> Task to carry out: No pictures, please. Output the lines from the start of the data through the line that contains "Существует и множество", both included, exactly as they stand.

> Data for analysis:
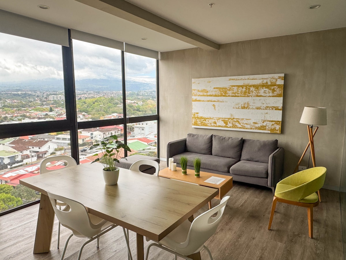 Studio moderne dans la tour Ifreses, San José Studio flambant neuf avec un lit Queen Size, un canapé et une télévision connectée de 50 pouces. Cuisine entièrement équipée, lave-linge et sèche-linge, et piscine sur le toit. À deux pas du supermarché Automercado et des cafés. À 11 minutes du centre-ville de San José en bus ou en Uber.
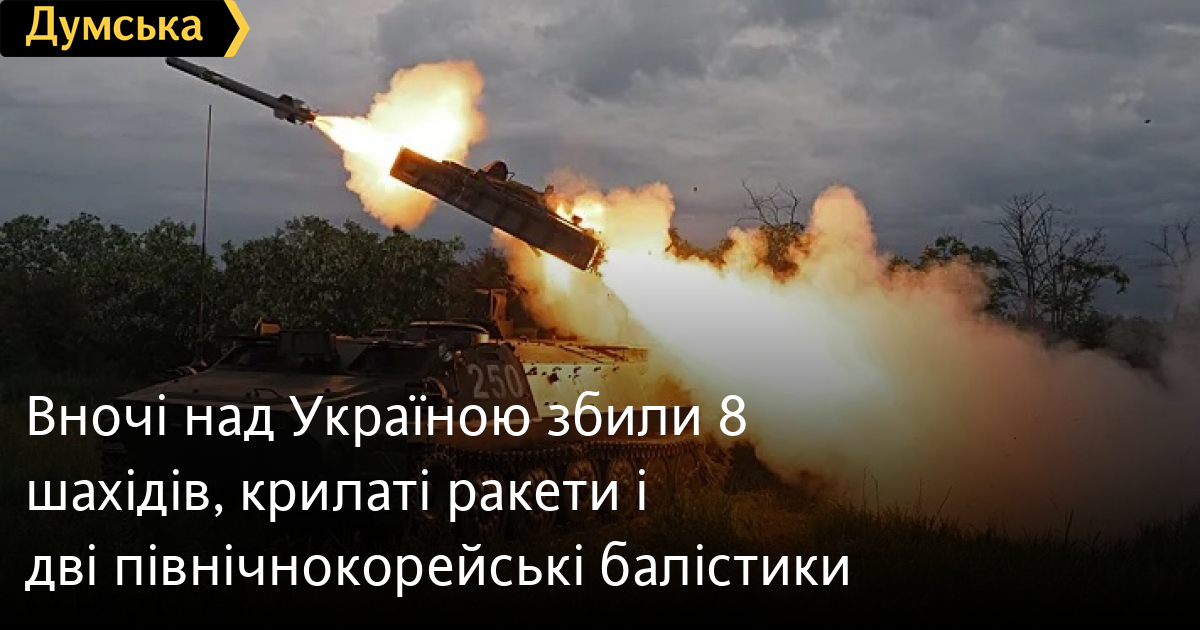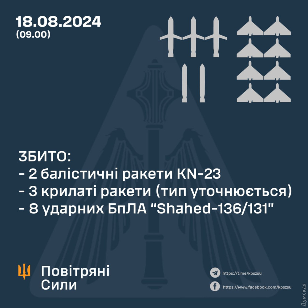 У Повітряних силах Збройних сил України повідомили, що окупанти запустили три балістичні ракети — один «Іскандер-М» і дві північнокорейські KN-23, дві авіаційні ракети Х-59, три крилаті ракети та вісім «шахідів».
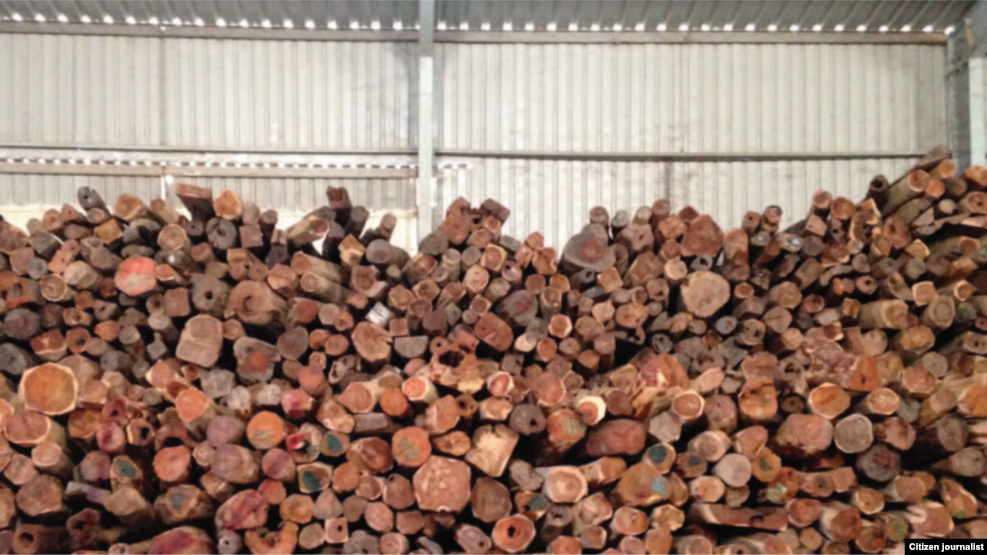 ໄມ້ຜິດກົດໝາຍ ທີ່ທາງການລາວ ຢຶດໄດ້ ຢູ່ໃນສາງແຫ່ງໜຶ່ງ
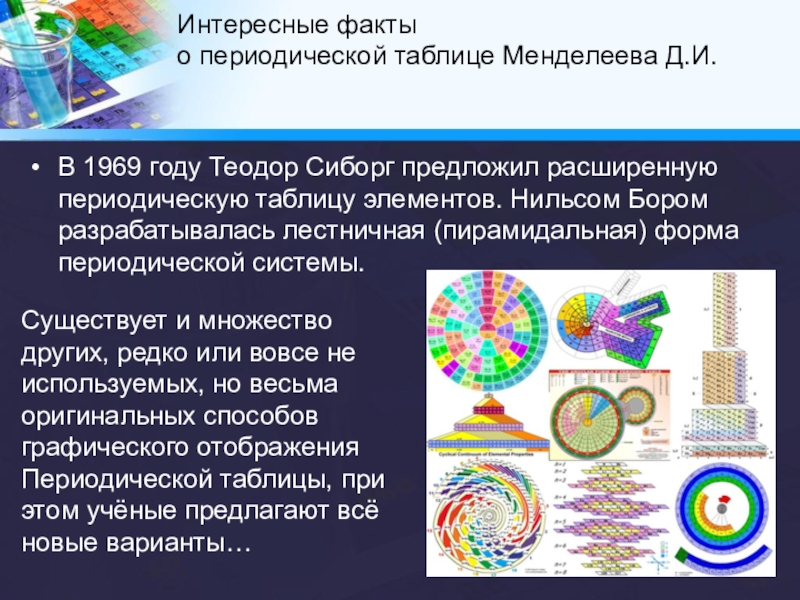 Существует и множество других, редко или вовсе не используемых, но весьма оригинальных способов графического отображения Периодической таблицы, при этом учёные предлагают всё новые варианты…
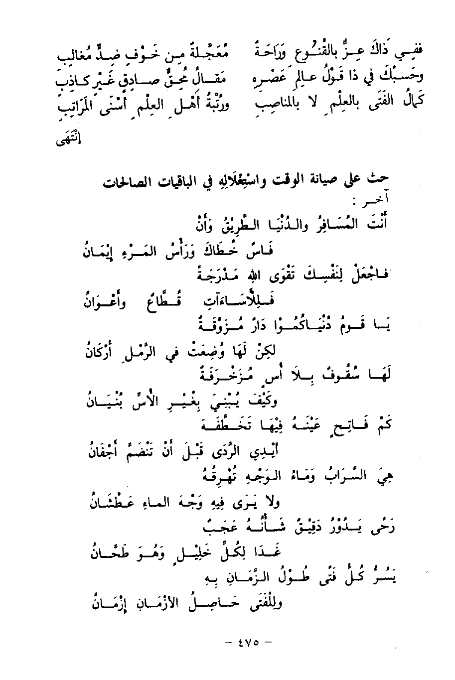أَنْتَ المُسَافِرُ والدُنْيَا الطَّرِيْقُ وَأَنْـ ... ـفَاسٌ خُطَاكَ وَرَأْسُ المَرْءِ إيْمَانُ
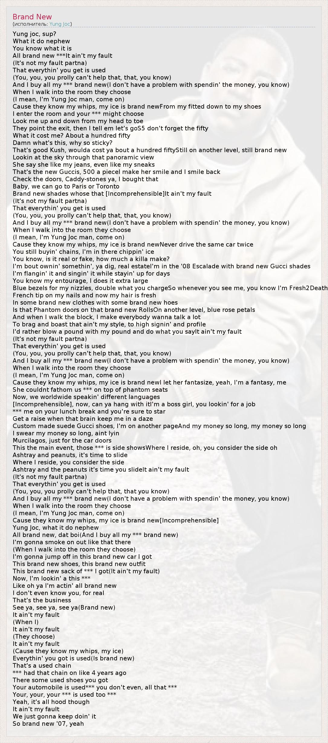And I buy all my *** brand new(I don't have a problem with spendin' the money, you know)
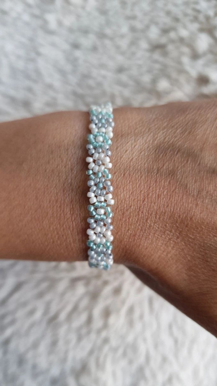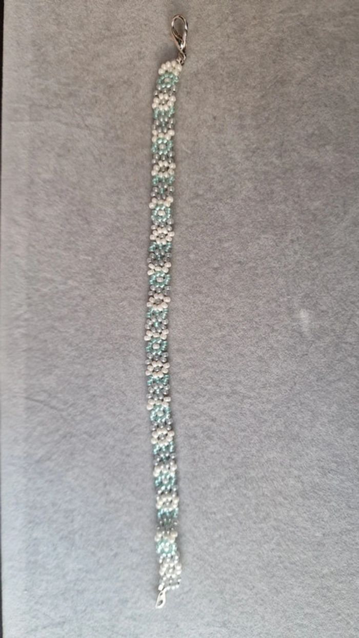 Bracelet en perles motif fleurs, couleurs vert d'eau transparent et blanc nacré Marque Crystalia perles comme neuf Taille 18cm #summer #perles&co #braceletfemme #vertdeau #bleu #vacances #perlesderocailles
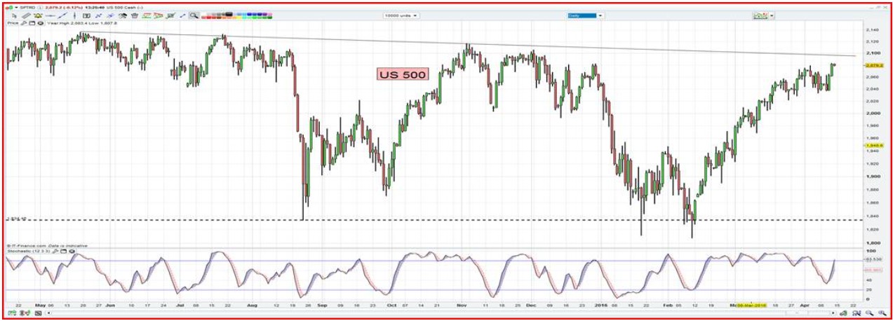 There is an air of disbelief from all parts of the market. Many are having to remind themselves that the S&P 500 and Dow Jones are just 2.4% from taking out the 19 May 2015 all-time high. It just doesn’t feel right, but I was always taught that an asset at all-time highs, or even 52-week highs, is outright bullish and should be traded as such – but no one believes we are here. So many in the market are clinging to the Q1 macro concerns (China CNY devaluation, low oil, low growth/recession, NIRP concerns and deflation fears) that they have missed the move higher. Depending on if one has to benchmark themselves to an index determines if they are now chasing this move higher. While structurally bearish, how do you justify to clients you are down 5 to 10% (perhaps more) when the S&P 500 is now positive for the year? While trend followers have been in the market for a while, investment managers have to be involved regardless of how much they hate buying.
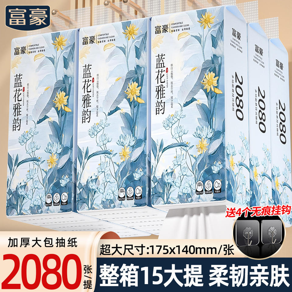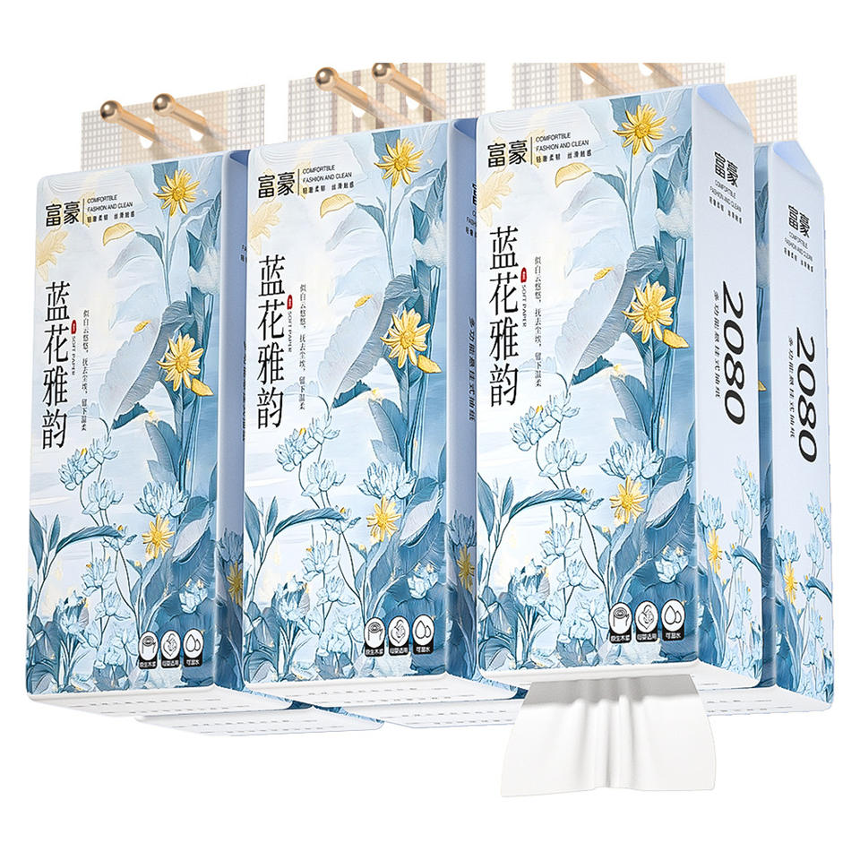 Pañuelos Faciales Rich Man Blue Flower Rhyme, Caja de 15 Unidades, Servilletas de Papel Absorbentes para el Hogar
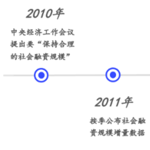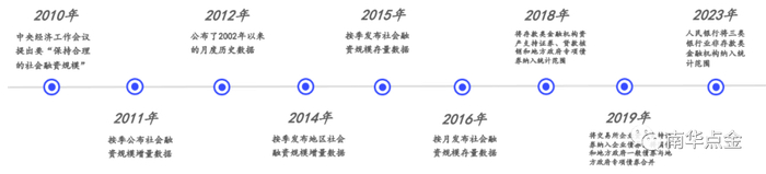 经过十余年的发展,社会融资规模指标已形成从季度到月度、从全国到分省、从增量到存量的全指标体系。下图展示了社会融资规模指标的诞生和发展过程。
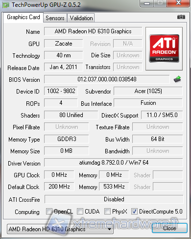 Once turned on, the Acer notebook takes about 30 seconds to get into Windows 7, a very good access time given the technical characteristics. First of all, we ascertain the hardware specifications through the CPU-Z and GPU-Z softwares.
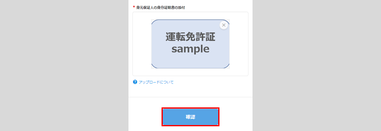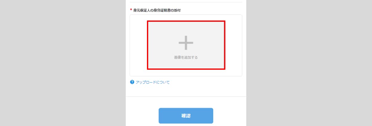 - 「身元保証人の身分証明書の添付」欄が表示されている場合は、[画像を追加する]をクリックし、身分証明書の画像をアップロードします。
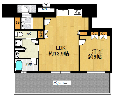 | 間取り詳細 | LDK 13.9帖 洋室 6帖 |
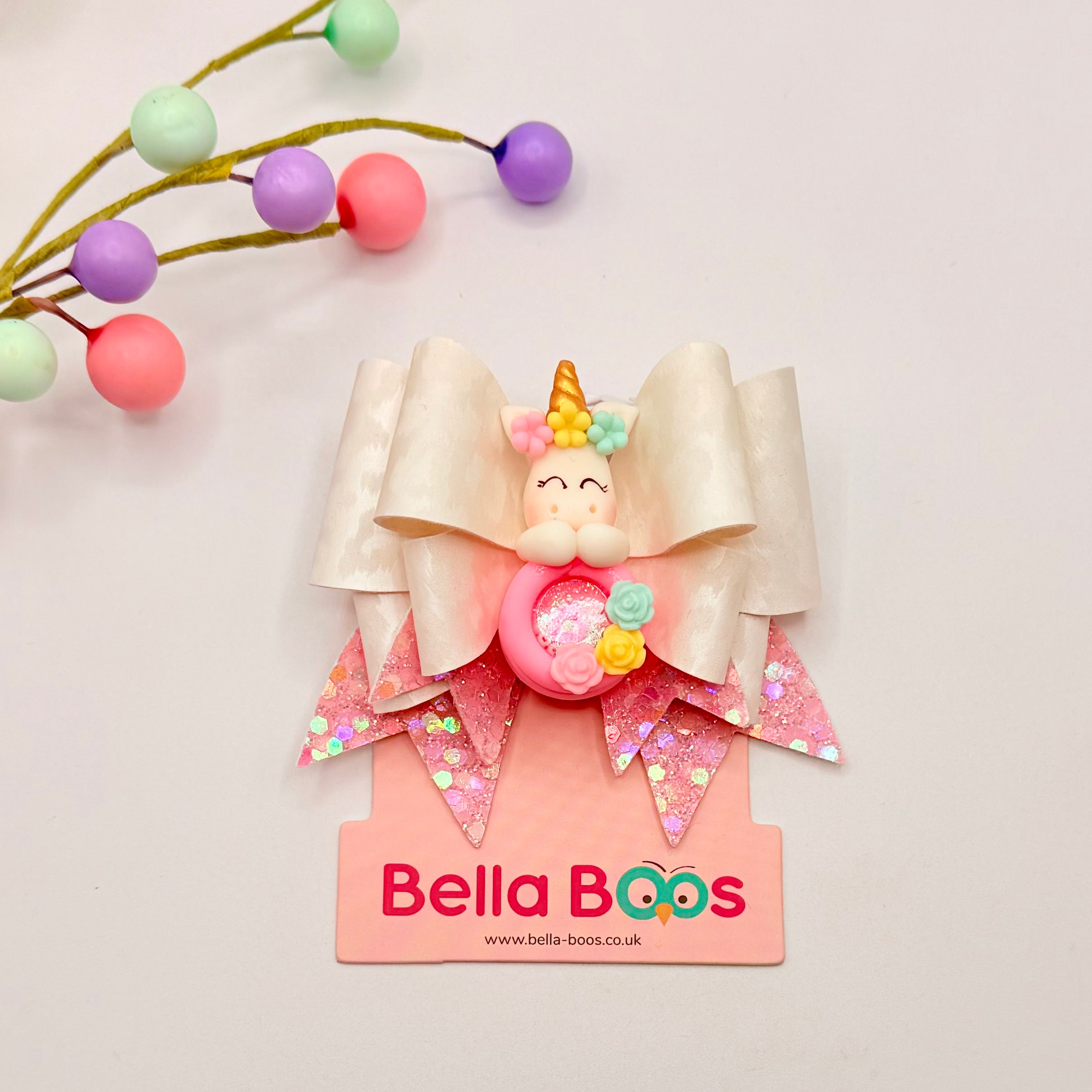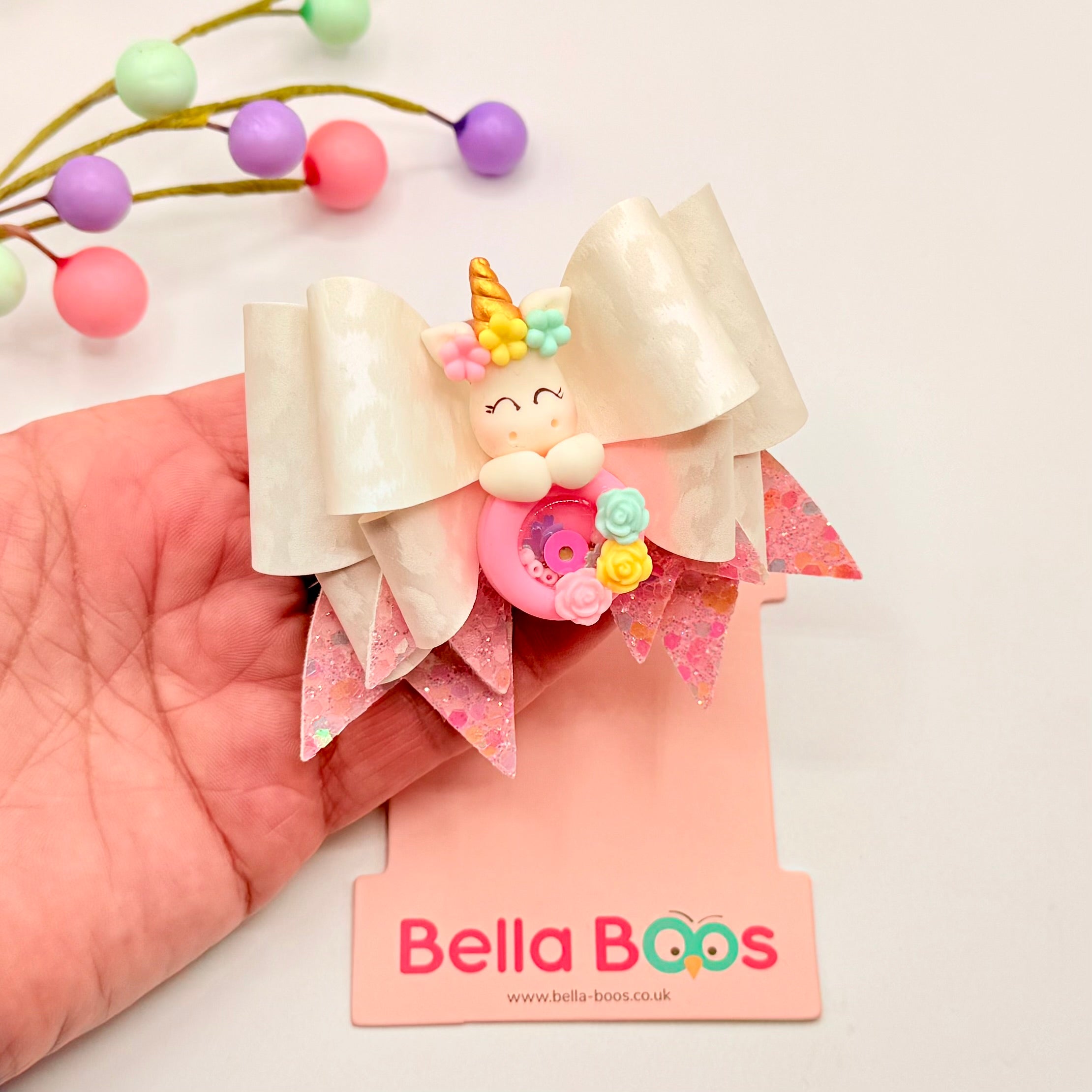 Unicorn Shaker Hair Bow - Handcrafted Clay
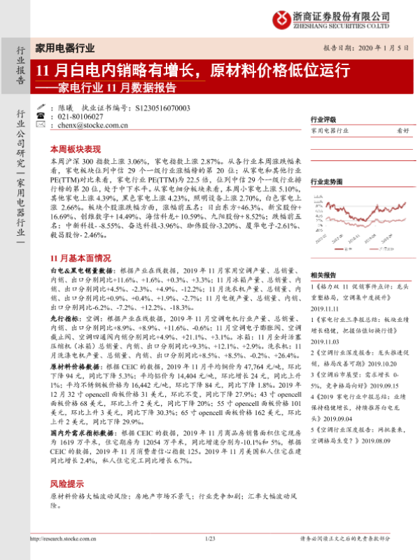 【浙商证券】【20200105】20200105-浙商证券-家电行业11月数据报告:11月白电内销略有增长,原材料价格低位运行-23页
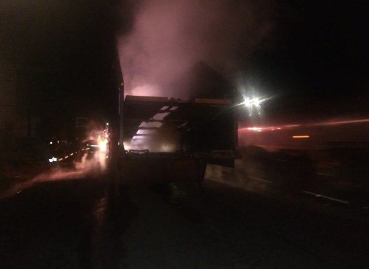 Bomberos de San Martín Texmelucan atendieron esta madrugada el incendio de un remolque de nodriza sin autos, en el kilómetro 97 de la autopista México – Puebla en dirección a la capital poblana.
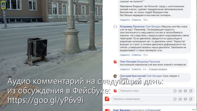 ПРОГУЛКИ ХУДОЖНИКА ПО СТРАННОМУ ИРКУТСКУ 03.02.2019. Из серии (альбома в Фейсбуке) изо-фото-видео репортажей "Прогулки художника по старому Иркутску" (1) https://goo.gl/9v9kvs 1) "Белый город". Второй день удивительных открытий! Что стало с городом? Вчера я обратил внимание на седую белизну тротуаров и полное исчезновение снега, химические потёки и всё бело, будто присыпано белой пылью?! Не пора ли обращаться к экологам? Любуемся необычайно седым городом без снега, с трудом узнавая в нём февральский Иркутск. Боже! Что ты нам послал с небес? 2) Реклама и разговор с рекламными чиновниками-бандуристами. 3) Детские шедевры в кинотеатре "Художественный" - попал на прекрасную выставку детской художественной школы. * * * DONATE-ART – добровольные взносы – Ваш знак того, что моя работа интересна и нужна. Сумма может быть мизерная, не стесняйтесь. Главное – мне понять, что это кому-то нужно и иметь возможность оплатить Интернет для будущих публикаций! Вашу благодарность и монетизированную оценку можно перечислить сюда: 1) На мобильный Сбербанк тел. 89500620251 или просто оплатить этот номер телефона. 2) Yandex-деньги: 410012167239706 3) Карта Сбербанк OLEG BESEDIN "VISA": 4276 1800 1801 1873 4) Карта Бин-Банк OLEG BESEDIN "VISA": 4627 0342 7585 8565 Пожалуйста, не стесняйтесь сообщить о взносе – это позволит мне сформировать круг друзей – закрытую группу, для которых я буду делать эксклюзивные публикации и особо интересные уроки, делиться секретами, персонально отвечать на вопросы и общаться в интерактивном онлайн режиме. * * * facebook.com/oleg.besedin instagram.com/besedin.irkutsk besedin-oleg.livejournal.com vk.com/besedin_oleg

> Task result:
 Studio moderne dans la tour Ifreses, San José Studio flambant neuf avec un lit Queen Size, un canapé et une télévision connectée de 50 pouces. Cuisine entièrement équipée, lave-linge et sèche-linge, et piscine sur le toit. À deux pas du supermarché Automercado et des cafés. À 11 minutes du centre-ville de San José en bus ou en Uber.
 У Повітряних силах Збройних сил України повідомили, що окупанти запустили три балістичні ракети — один «Іскандер-М» і дві північнокорейські KN-23, дві авіаційні ракети Х-59, три крилаті ракети та вісім «шахідів».
 ໄມ້ຜິດກົດໝາຍ ທີ່ທາງການລາວ ຢຶດໄດ້ ຢູ່ໃນສາງແຫ່ງໜຶ່ງ
 Существует и множество других, редко или вовсе не используемых, но весьма оригинальных способов графического отображения Периодической таблицы, при этом учёные предлагают всё новые варианты…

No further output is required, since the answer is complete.